Дебютировав в большой литературе, Пастернак отчетливо ощутил свое призвание поэта и стал «делать свою жизнь», исходя из этого ощущения и убеждения. Ощутимо на него также дружеское влияние К.Большакова, переводившего Лафорга. По мнению Вяч. Вс.Иванова полностью футуристической была следующая книга поэта, рукопись, которой была утеряна.

В конце 1916 года выходит его второй сборник – «Поверх барьеров» (М.: Центрифуга, 1917. – 92 с. – 500 экз.). Это – ключевая книга поэта. Происходит становление его как профессионала – с собственной манерой письма. Искусство для него – безумие без безумного, голос безгласного. Книга посвящена свой любви того года – Наде Синяковой.

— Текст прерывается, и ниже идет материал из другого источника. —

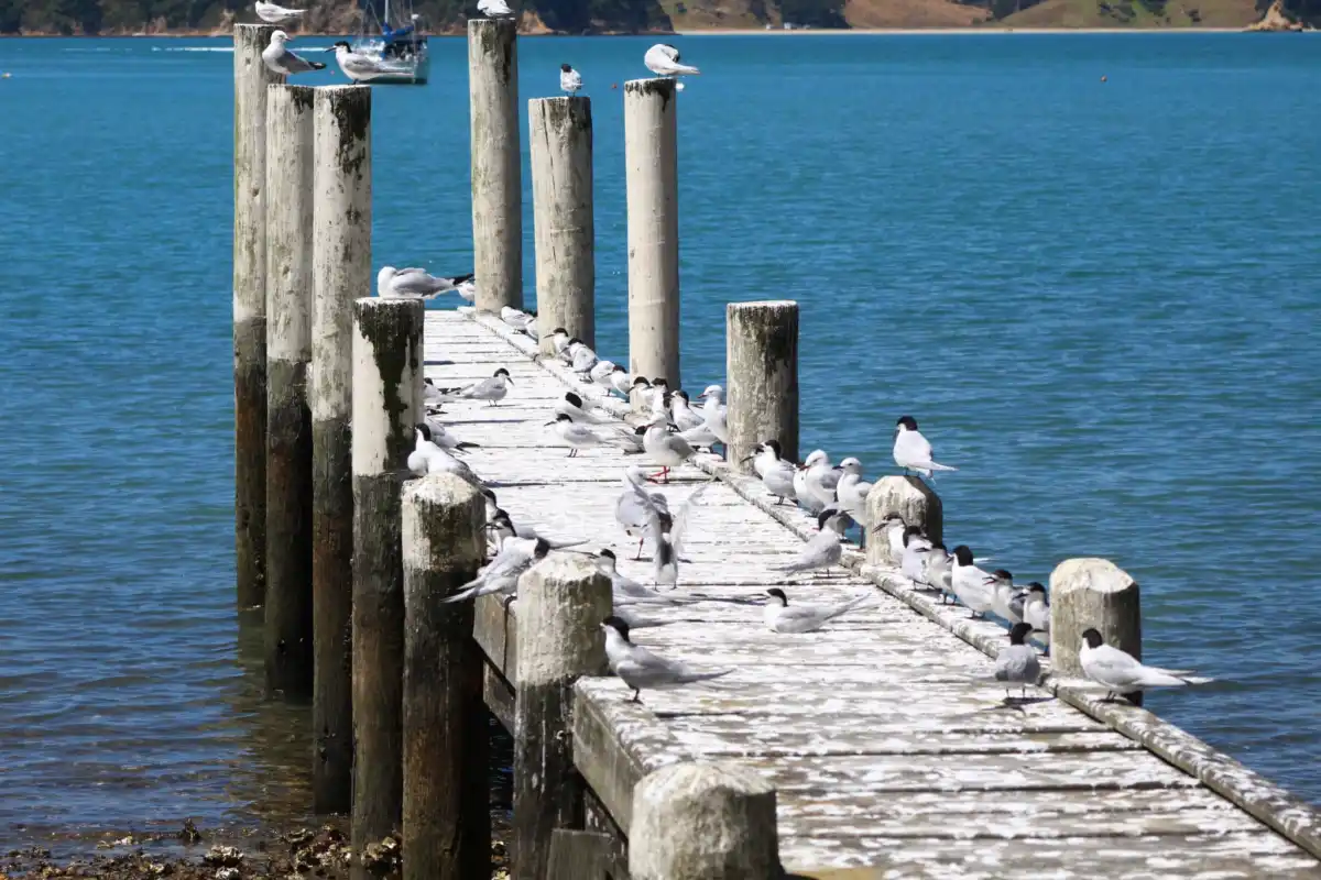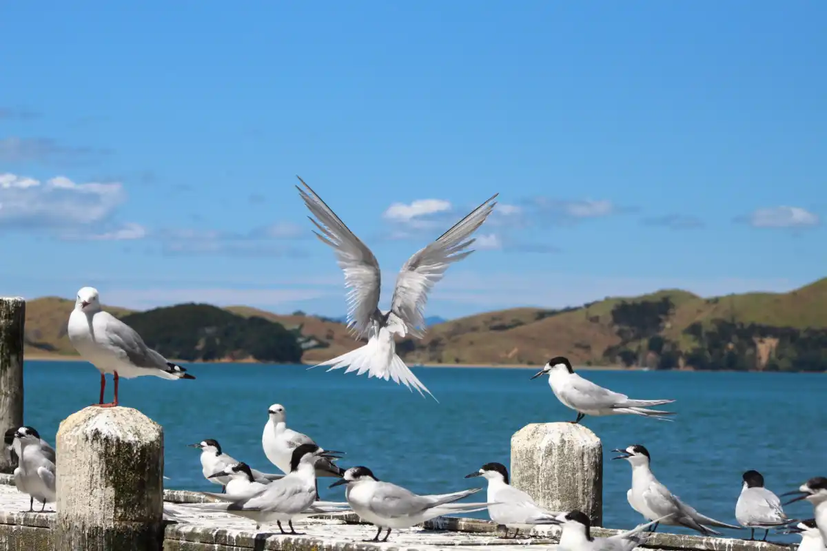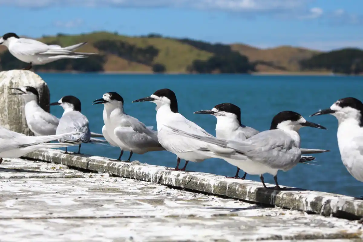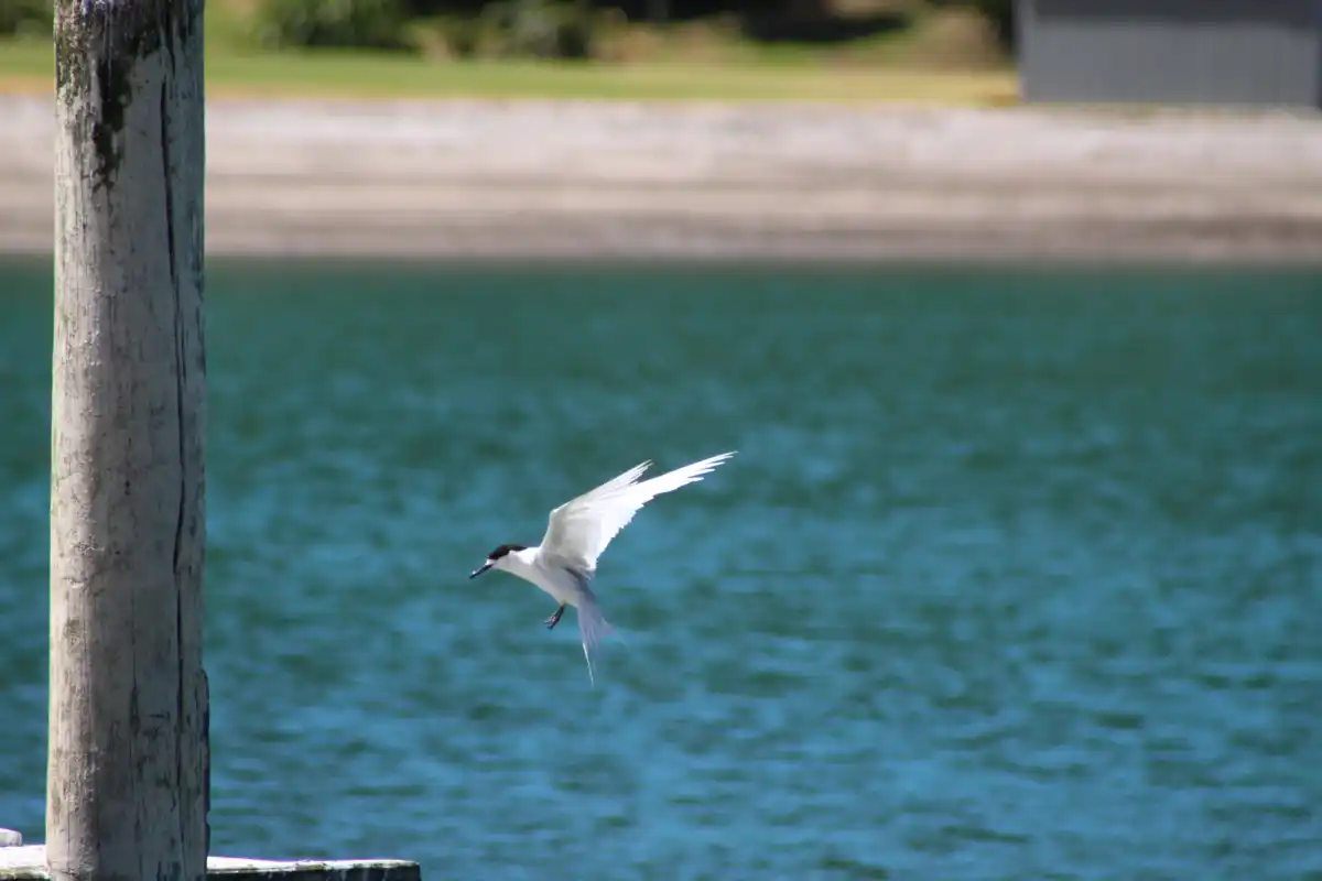 The white-fronted tern is a medium-sized, long-tailed sea tern commonly around New Zealand coasts. Spotted congregating on Waiheke wharfs such as Matiatia and Orapiu.

Как верно подметил затем его сын Евгений: «Это – мгновенная, рисующая движение живопись». (1) В пастернаковских стихах и сегодня потрясает скорость мысли автора и движения поэтических образов. Это уже не похоже ни на что другое в поэзии – ни до Пастернака, ни при нем – даже с оговоркой по поводу его «умеренного футуризма». Здесь Б.Л. дорос уже до второго тома Блока. Кроме последнего на него мощно влияли также Рильке и Верхарн. Сам Б.Л. писал 7 июня 1926 года про стихи этой книги: «Куча всякого сору. Страшная техническая беспомощность при внутреннем напряжении, может быть большем, чем в следующих книгах. Есть много людей, ошибочно считающих эту книжку моею лучшею. Это дичь и ересь…».

Мы обнаруживаем множество аналогий этих стихов с фундаментальными признаками тогдашней «авангардной» живописи (М.Ларионов, Н.Гончарова, М.Шагал, Р.Фальк и др.): контрасты граней жизни, резкая яркость колорита, разложение и смещение формы… Любимые цвета поэта – темно-фиолетовый и светло-желтый.

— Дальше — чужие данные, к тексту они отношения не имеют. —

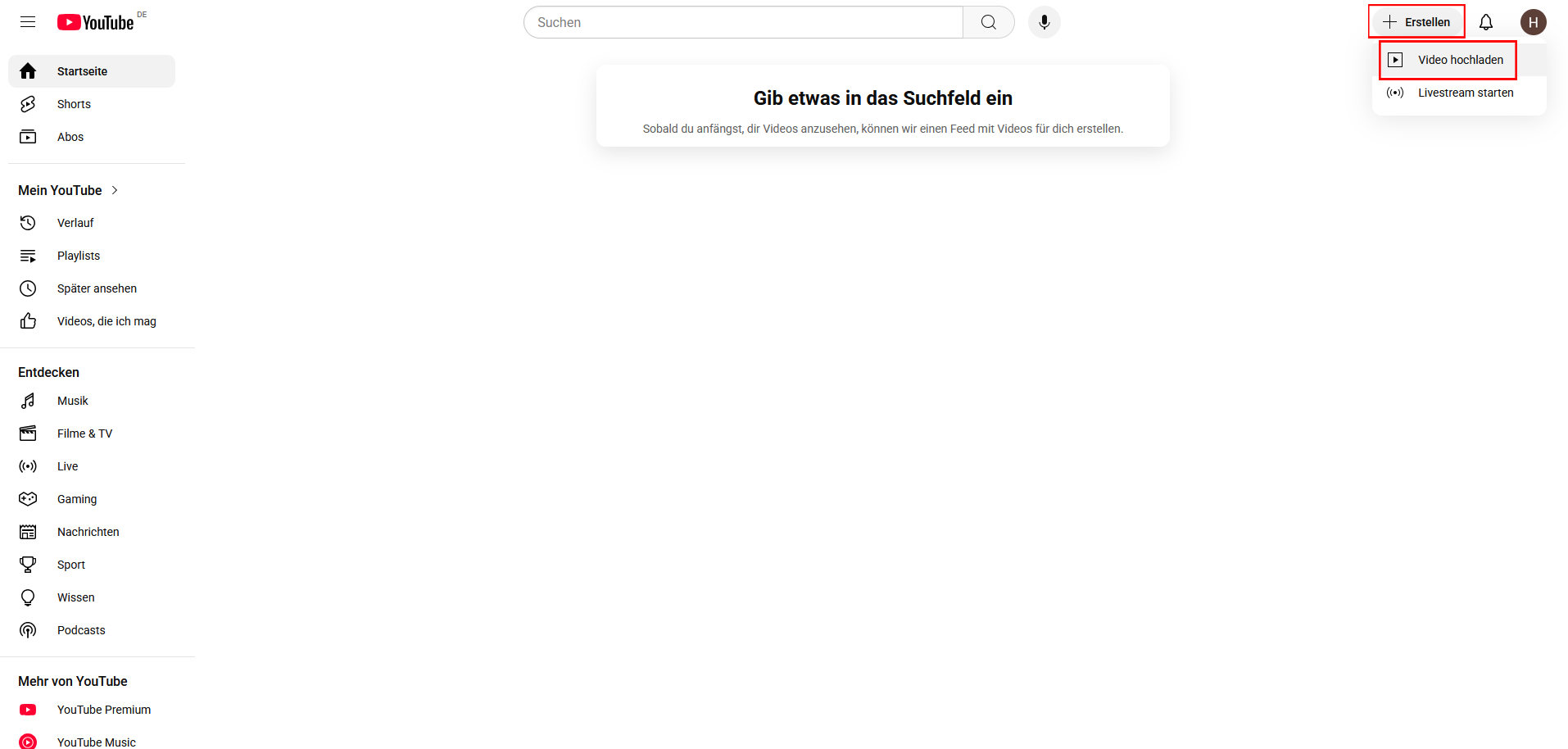 Gehen Sie auf die Webseite https://youtube.com.
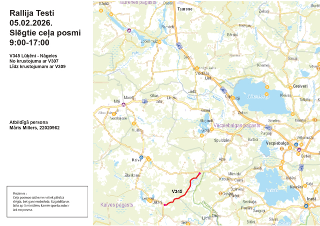 Biedrība "Millers motorsport" informē, ka 5. februārī no plkst. 9.00 līdz 17.00 Kaives pagastā notiks rallija auto treniņi.
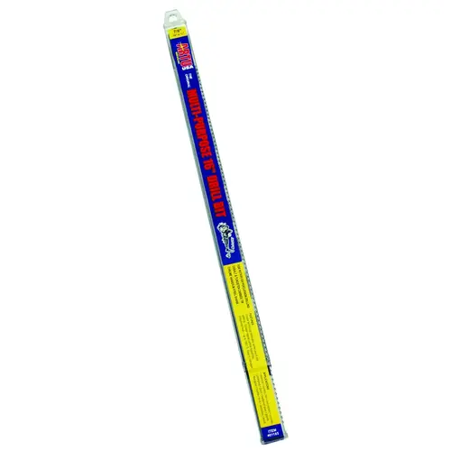 For rotary or percussion drilling. Chrome vanadium steel shank with cobalt and tungsten carbide tip that withstands temperatures up to 1900 deg F. Special negative back grinding enables tip to bore through applications such as masonry, ceramic tile, concrete, brick, fiberglass, plexiglass, cast metals, hardened steel, granite, marble, woods and plastic with a filing action rather than a cutting action. No center punch required, eliminates walking and can be re-sharpened. This includes aluminum, angle iron, copper, galvanized pipe, brass and stainless steel.

Зимой и весной 1916 года поэт живет в поселке Всеволодо-Вильва Пермской губернии (ныне город Александровск Пермского края), работает в конторе частных химических заводов. Это погружение в реальную жизнь русской провинции принесло очень много ему – интеллектуалу-эстету, ощутившему (пусть отстраненно и подсознательно) поэзию «плотного» быта и тягучей повседневности. (Через десятилетия, уже на склоне дней, этот опыт проявится в «Докторе Живаго».)

Величайшая удача всей жизни Пастернака (да и русской поэзии в целом) – его гениальный стихотворный сборник «Сестра моя – жизнь», созданный весной-летом 1917 года. Стихи у него лились тогда «сплошным потоком» (на фоне очередной влюбленности – в Елену Виноград), день за днем – как лирический дневник.

По мнению Е.Пастернака, уже в то время поэт полагал (вслед за А.Блоком), что отдельные стихотворения не имеют смысла, а ценность представляет только книга стихов, создающая особый мир – со своей «почвой и воздухом».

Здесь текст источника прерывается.